И действительно, зеленоватое платье было словно нарочно подобрано к зеленым, «кошачьим» Олиным глазам.
Отец сегодня был очень весел. Угостил ребят чудесной рыбой – удивительно нежной и жирной: знаменитым байкальским омулем.
– На ТУ привез, – объявил он. – Свежего! Прямо из Байкала. А говорят, царь когда-то пожелал попробовать эту рыбку в свежем виде: очень уж нахвалили ее. И никто не смог выполнить царской прихоти. Омуль-то в одном только Байкале водится. А до него пять тысяч километров! Протухнет рыба, пока на поезде довезешь! Значит, вы, ребята, такое едите, чего даже царь не едал!
За чаем разговор перешел на следопытские дела. Ребята наперебой рассказывали Алексею Ивановичу о своих похождениях, а он слушал и думал:
«Как же теперь-то?»
Еще по дороге в Ленинград Алексей Иванович решил, что сейчас, когда у него появилось свободное время, он сам продолжит поиски. Он уже радовался, предвкушая, как займется загадкой Михаила Рокотова и раскроет ее всю, до конца. Но сейчас, глядя на оживленные лица ребят, он подумал:
«А ведь обижу я их. Ох, как обижу! Полгода они всю душу в это дело вкладывали, и вдруг – нате – явился кто-то и все забрал».
И хотя он был вовсе не «кто-то», а хозяин дневника, все-таки ощущал неловкость.
А разговор за столом перекинулся на Егора Чурилова.
– Филимоныч объяснил: чтобы разобраться в истории Рокотова, надо непременно разузнать всю подноготную о Егоре, – заявил Генька.
– Ага! И еще Филимоныч сказал: раз Егор Чурилов думал, что Рокотов жив и в любой момент может разоблачить его темные дела, значит, Егор, конечно, сложа руки не сидел. Наверно, пакостил Рокотову повсюду, – прибавила Оля. – В общем, необходимо все об этом Егоре разведать.
– А как? – нахмурился Витя. – Как?
Все задумались. Только слышалось в тишине, как Оля щелкает орехи.
– Да перестань ты! – вдруг вспыхнул Генька. – Тут такое дело, а она щелк-щелк. Шевели извилинами!
– А мне орехи не мешают шевелить. – Оля теперь уж нарочно продолжала свое занятие.

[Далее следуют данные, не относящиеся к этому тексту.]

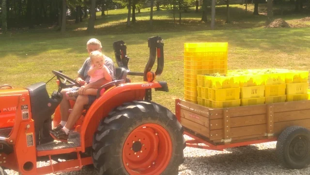 Dad and the small human posing for a picture before taking the grapes to the barn.

Ребята стали вспоминать, что они знают о Егоре. Жил в Петербурге, состоял, очевидно, в Коломенском кружке, был связан с Рокотовым, а потом почему-то оклеветал его в «Искре». Вот, пожалуй, и все.
Алексей Иванович уже решил не отбирать дневник у ребят, дать им самим довести дело до конца, и теперь обдумывал все вместе с ними.
– Есть еще… насчет грехов… – вспомнил Витя.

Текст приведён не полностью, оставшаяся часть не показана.